From wide open shots of empty boat decks to very awkward transitions to avoid showing how the Doctor and friends leap from one ship to the next, everything about “Legend” feels somehow even more limited than Doctor Who usually does. The primary cast beyond the Doctor and her friends is small, and that’s about it for actual people in the episode that aren’t covered under layers of Sea Devil prosthetics—and even then, there’s not many of them at a time, so scenes just feel bereft. There’s no real stakes to what the Sea Devils want to do outside of the initial village attack, so it’s hard to care about, well, the thing Doctor Who is about: the Doctor racing to stop the monsters from their evil plans.
And it’s not like Doctor Who can’t do cheap-feeling, small-stake bottle episode style adventures. It’s Doctor Who, it’s literally about 60% that and has been for nearly 60 years.

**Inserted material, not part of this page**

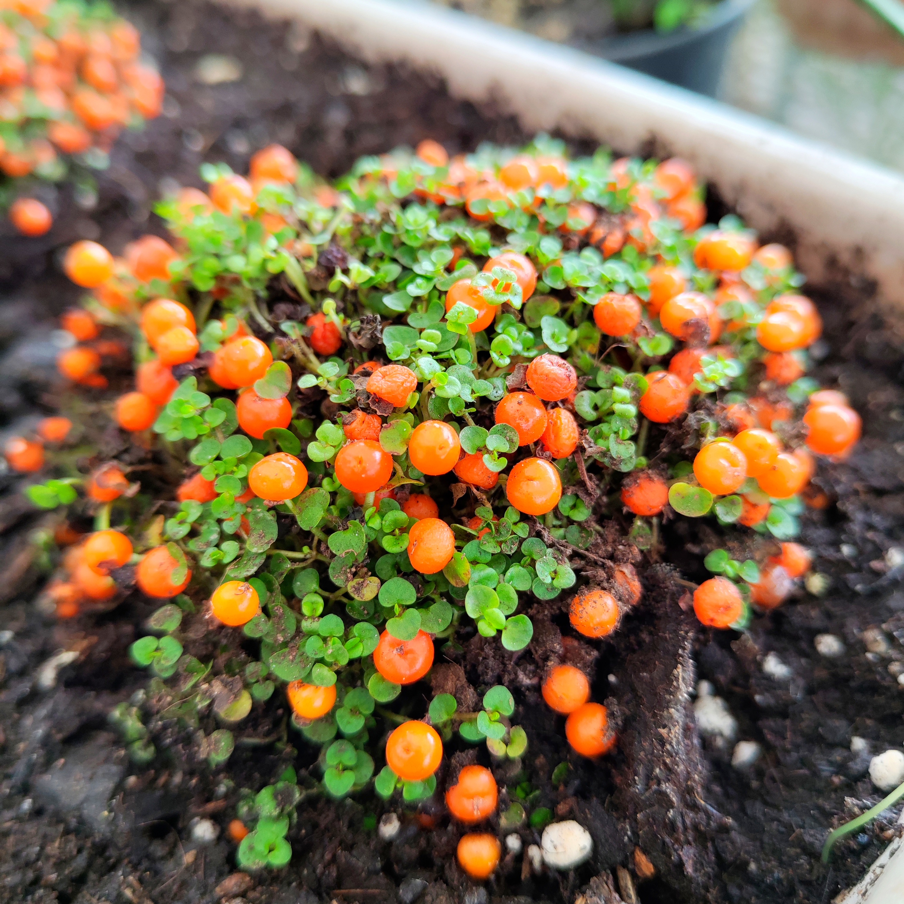 Нертера гренадская - многолетнее стелющееся растение с ползучими стеблями и мелкими округлыми листочками около 0,5 - 0,6 см в диаметре, расположенными супротивно. Высота самого растения никогда не превысит и 10 см. Цветет очень мелкими зеленовато-белыми цветочками. Главное шоу растения начинается после окончания цветения, когда на нем начинают формироваться идеально-круглые и глянцевые плоды. Пока они приобретут финальные тона, ягоды проходят трансформацию от светлейшего салатового до белого, кремового и всех мыслимых оттенков оранжевого. На растении ягоды дозревают неравномерно, и нертера фактически постоянно укрыта разноцветной россыпью плодов. Они и правда кажутся бусинами, коралловыми, яркими и нарядными. Держатся ягодки с августа и до самой зимы.

Hell, the last episode of the show was just that. “Eve of the Daleks” was a story that played to the strengths of its obvious limitations, a tight timeloop tale that could unfold on a limited number of sets with a limited amount of cast that could be in a room together for a given length of time with purpose. It gave us a chance to actually care about not just the Doctor, Yaz, and Dan, but the new characters introduced, because it knew it was all it had. “Legend of the Sea Devils” wanted to be a big, sweeping high-seas adventure, but just… wasn’t, and trundled along hoping for the best anyway. It’s telling when the trailer for the next episode at the end had more excitement in it than anything in “Legend” itself.
Aside from the hum-drum nature of the adventure itself though, “Legend” got one thing right: thanks to its guest stars largely existing to give Dan someone to talk to now and then, its actual strength comes in giving the Doctor and Yaz time to be with each other, and talk through their complicated feelings about each other at last. It might have to condense a little given the nature of this not just being a one-off episode, but the penultimate entry before Whittaker’s Doctor is out of the show entirely, but finally letting Yaz and the Doctor awkwardly dance around their obvious affection for each other gave “Legend” an emotional core it lacked elsewhere, even if most of that core is entirely separate from the main thrust of the episode.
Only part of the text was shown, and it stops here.